Given material ->
====
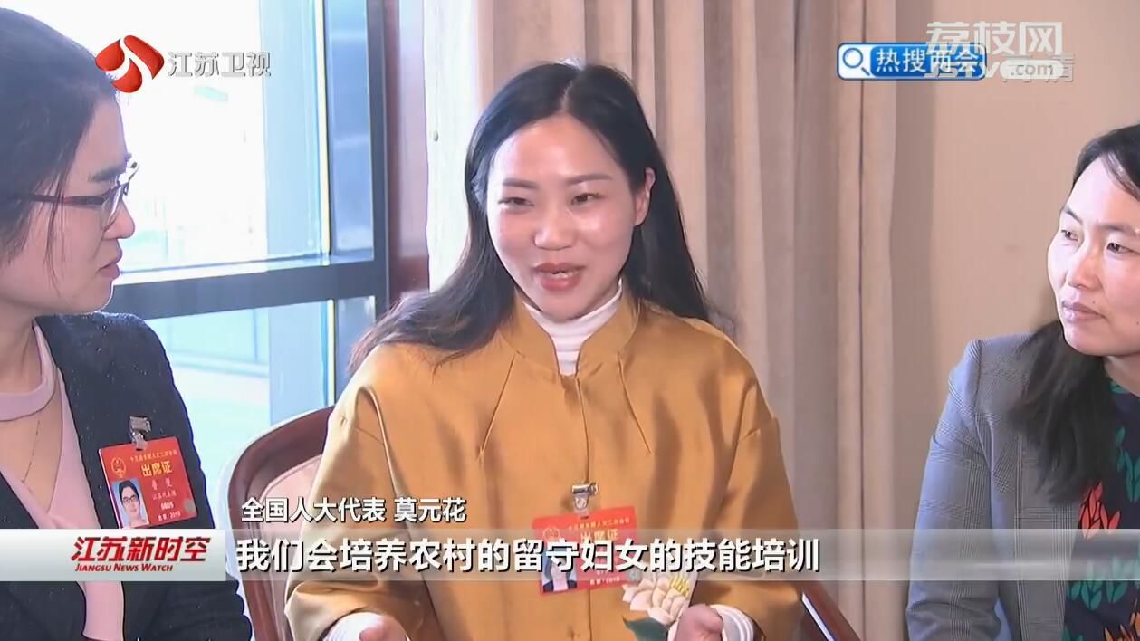 全国人大代表莫元花:“我们在省妇联的带动下,成立了一个三八红旗手工作室,通过这个平台我们会培养农村的留守妇女的技能培训,通过她们自己的双手创造自己的价值,在家里面家门口就能赚到钱。”
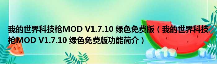 导读 大家好,关于我的世界科技枪MOD V1 7 10 绿色免费版,我的世界科技枪MOD V1 7 10 绿色免费版功能简介这个很多人还不知道,小勒来为大家解
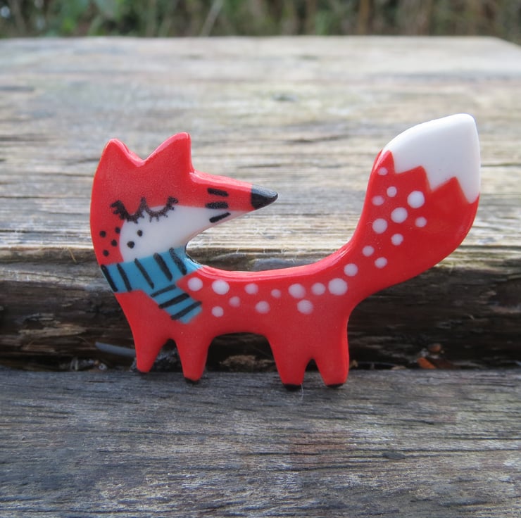 Handmade porcelain red fox brooch 3.5 x 4.5 cm.Mr.Fox is handcut from porcelain clay,biscuit fired,hand painted and glaze fired.There is a silver plated brooch pin securely glued on the back.
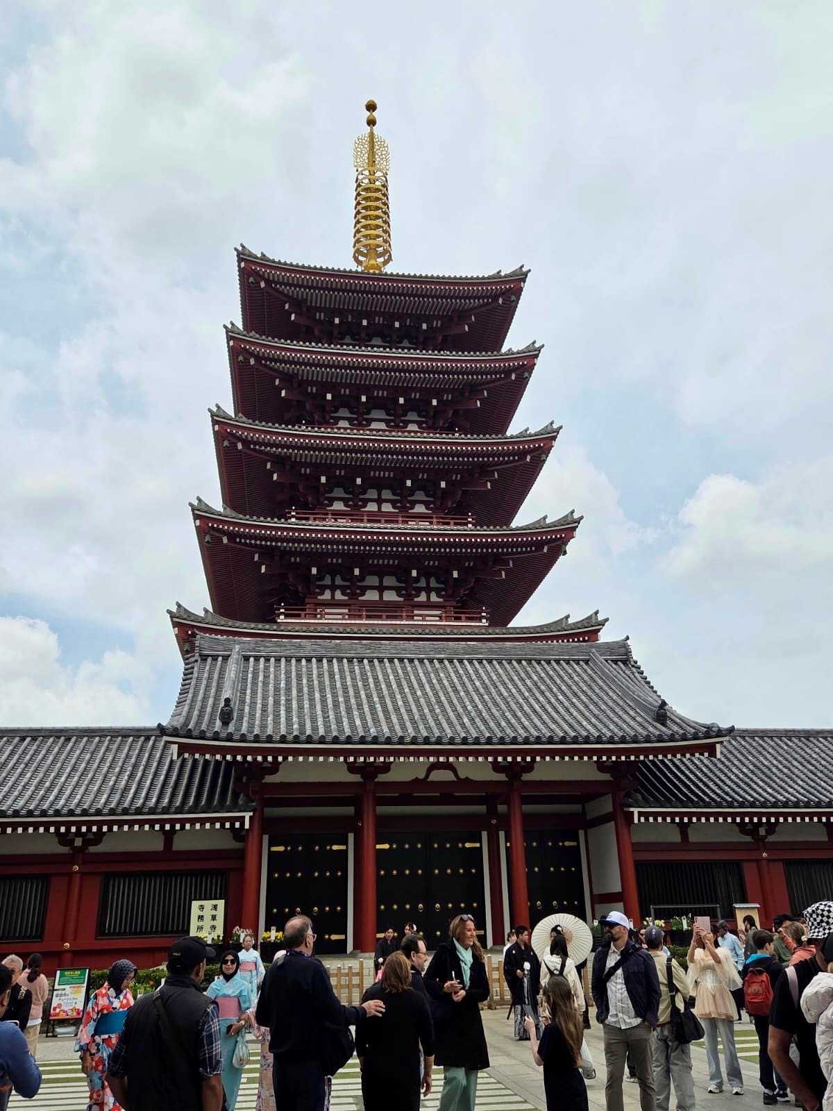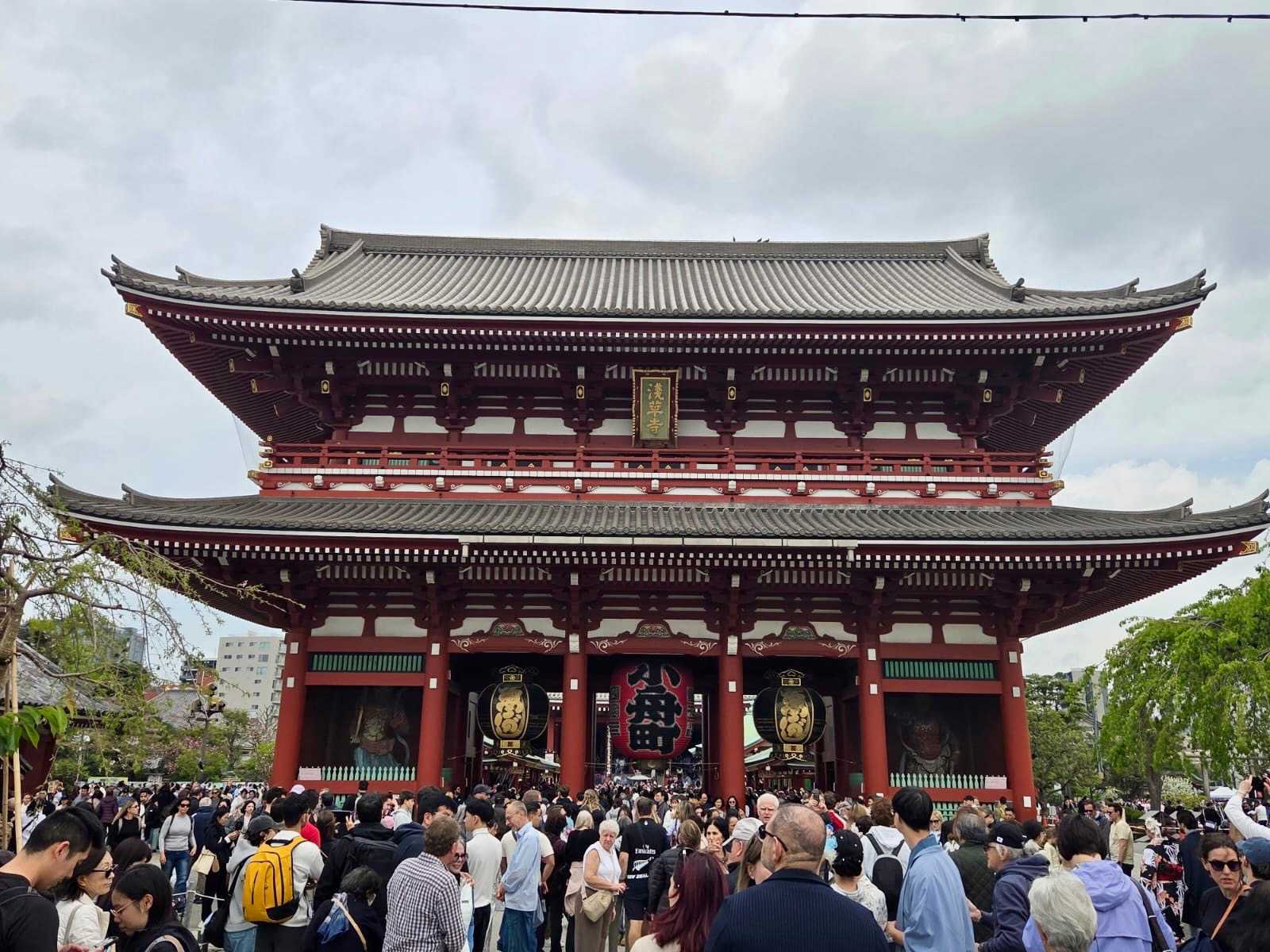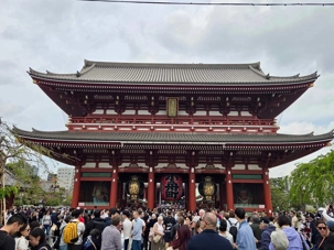 Au bout de cette rue se dresse le majestueux Senso-ji, le plus ancien temple de Tokyo, construit en 628. L’entrée est marquée par la célèbre porte Kaminarimon, avec son immense lanterne rouge impressionnante. En avançant vers le bâtiment principal, on peut observer les fidèles qui viennent prier, tirer des omikuji (prédictions) ou purifier leurs mains à la fontaine sacrée. Le temple, avec son architecture traditionnelle et ses couleurs vives, dégage une atmosphère à la fois paisible et spirituelle.
====
Word for word, print the material above, but without its pictures.

 全国人大代表莫元花:“我们在省妇联的带动下,成立了一个三八红旗手工作室,通过这个平台我们会培养农村的留守妇女的技能培训,通过她们自己的双手创造自己的价值,在家里面家门口就能赚到钱。”
 导读 大家好,关于我的世界科技枪MOD V1 7 10 绿色免费版,我的世界科技枪MOD V1 7 10 绿色免费版功能简介这个很多人还不知道,小勒来为大家解
 Handmade porcelain red fox brooch 3.5 x 4.5 cm.Mr.Fox is handcut from porcelain clay,biscuit fired,hand painted and glaze fired.There is a silver plated brooch pin securely glued on the back.
 Au bout de cette rue se dresse le majestueux Senso-ji, le plus ancien temple de Tokyo, construit en 628. L’entrée est marquée par la célèbre porte Kaminarimon, avec son immense lanterne rouge impressionnante. En avançant vers le bâtiment principal, on peut observer les fidèles qui viennent prier, tirer des omikuji (prédictions) ou purifier leurs mains à la fontaine sacrée. Le temple, avec son architecture traditionnelle et ses couleurs vives, dégage une atmosphère à la fois paisible et spirituelle.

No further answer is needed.